# Eleaf GS16 Coils



## Ollie (29/1/15)

Hey all

A friend of mine was given a GS16 as a starter tank to get her off the stinkies. It came with 1 new coil that she has been using, but, as coils do, it has died, and the taste is horrible!

Does anyone stock the coils for these tanks?

I have seen that @Oupa has GS Air coils, but i dont think these will fit.

Any suggestions otherwise?


----------



## Oupa (30/1/15)

No idea... it seems like a different coil to the GS Air yes.

Reactions: Like 1


----------



## Ollie (30/1/15)

Oupa said:


> No idea... it seems like a different coil to the GS Air yes.



Its got a small chimney on it, and it looks nothing like the GS Air coil! 

Looks like this one Below:




Just been browsing your webside @Oupa is this V-Pipe Coil not the same thing?

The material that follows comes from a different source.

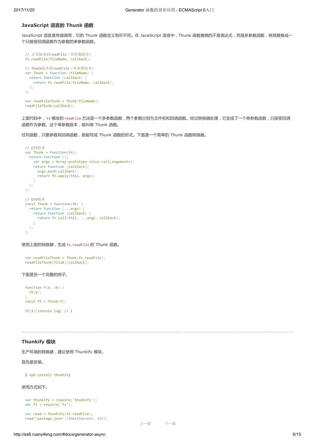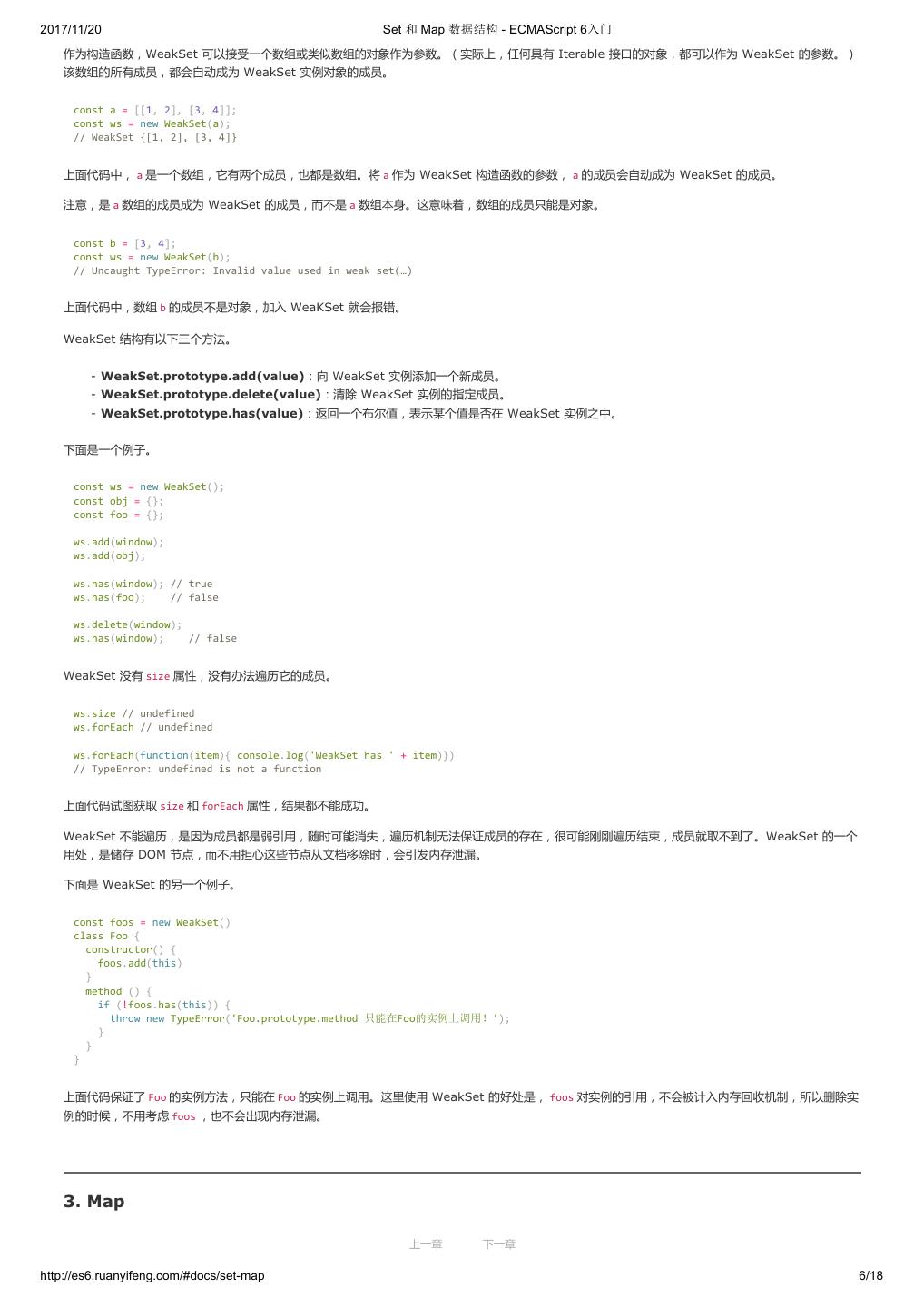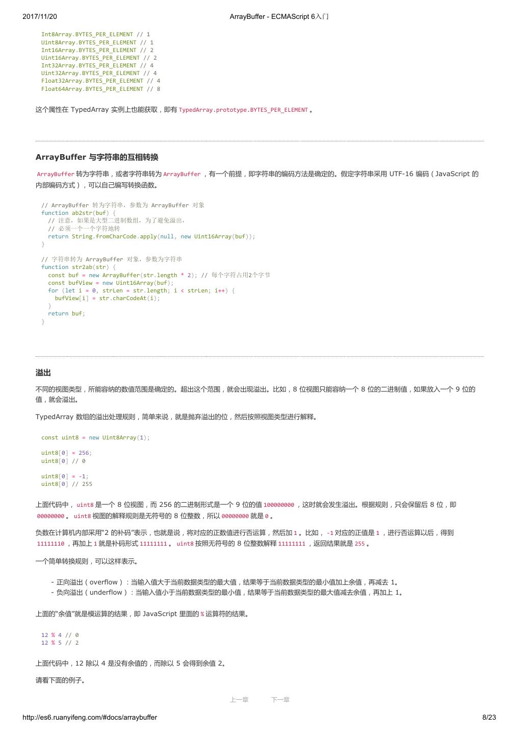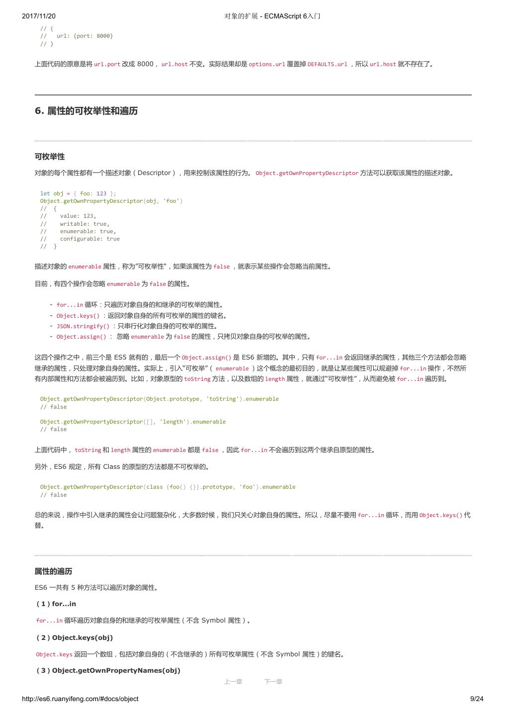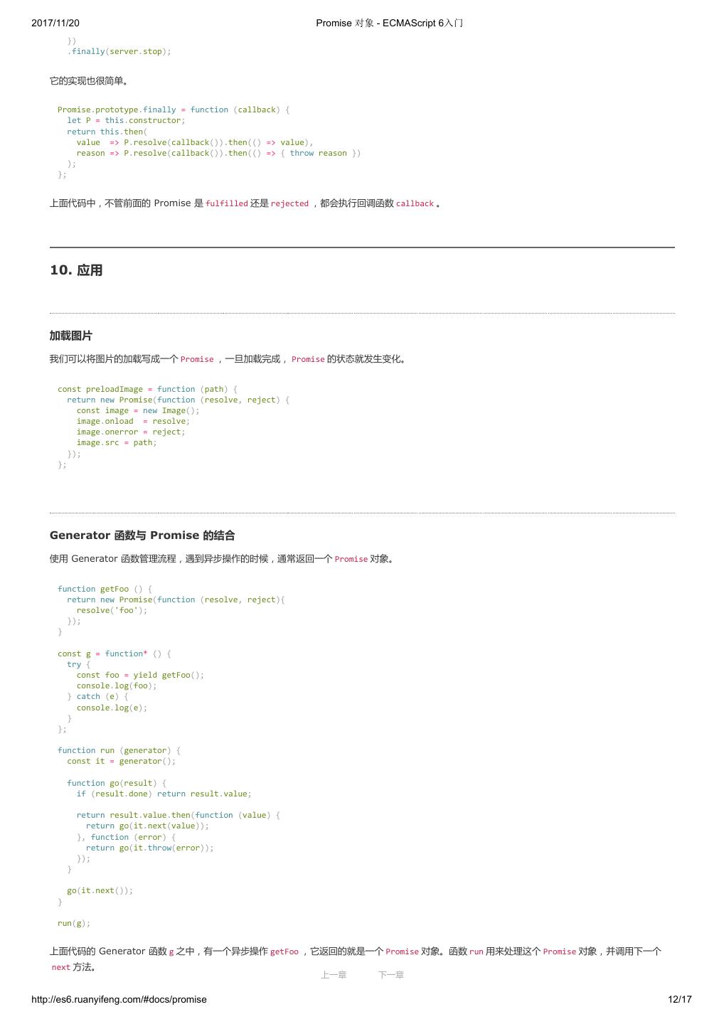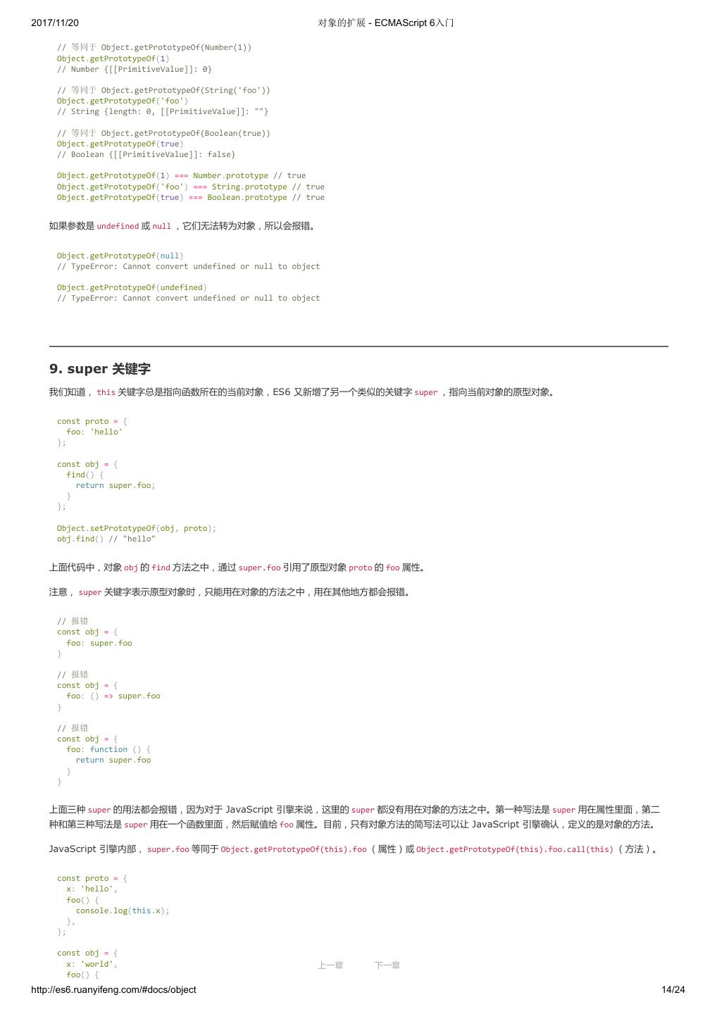 1 .2017/11/20 ECMAScript 6 入门 - ECMAScript 6入门 本书覆盖 ES6 与上一个版本 ES5 的所有不同之处,对涉及的语法知识给予详细介绍,并给出大量简洁易懂的示例代码。 本书为中级难度,适合已经掌握 ES5 的读者,用来了解这门语言的最新发展;也可当作参考手册,查寻新增的语法点。 全书已由电子工业出版社出版,2017年9月推出了第三版,书名为《ES6 标准入门》。纸版是基于网站内容排版印刷的。 感谢张春雨编辑支持我将全书开源的做法。如果您认可这本书,建议购买纸版。这样可以使出版社不因出版开源书籍而亏钱,进而鼓励更多的作者开源自 己的书籍。下面是第三版的购买地址。 - 淘宝 - 京东 - 当当 - 亚马逊 - China-pub 版权许可 本书采用“保持署名—非商用”创意共享4.0许可证。 只要保持原作者署名和非商用,您可以自由地阅读、分享、修改本书。 详细的法律条文请参见创意共享网站。 留言 下一章 http://es6.ruanyifeng.com/#undefined 2/2

http://www.vapourmountain.co.za/shop/atomizers-clearomizers/vpipe2-coil/


----------



## Oupa (30/1/15)

Does look very similar! Obviously made by 2 different companies, but I won't be surprised if it works...


----------



## MikeDBN (28/4/15)

Hey Oupa, did you ever confirm the above would work with a GS16S looking to make an order thanks?


----------



## Oupa (29/4/15)

They will work yes.


----------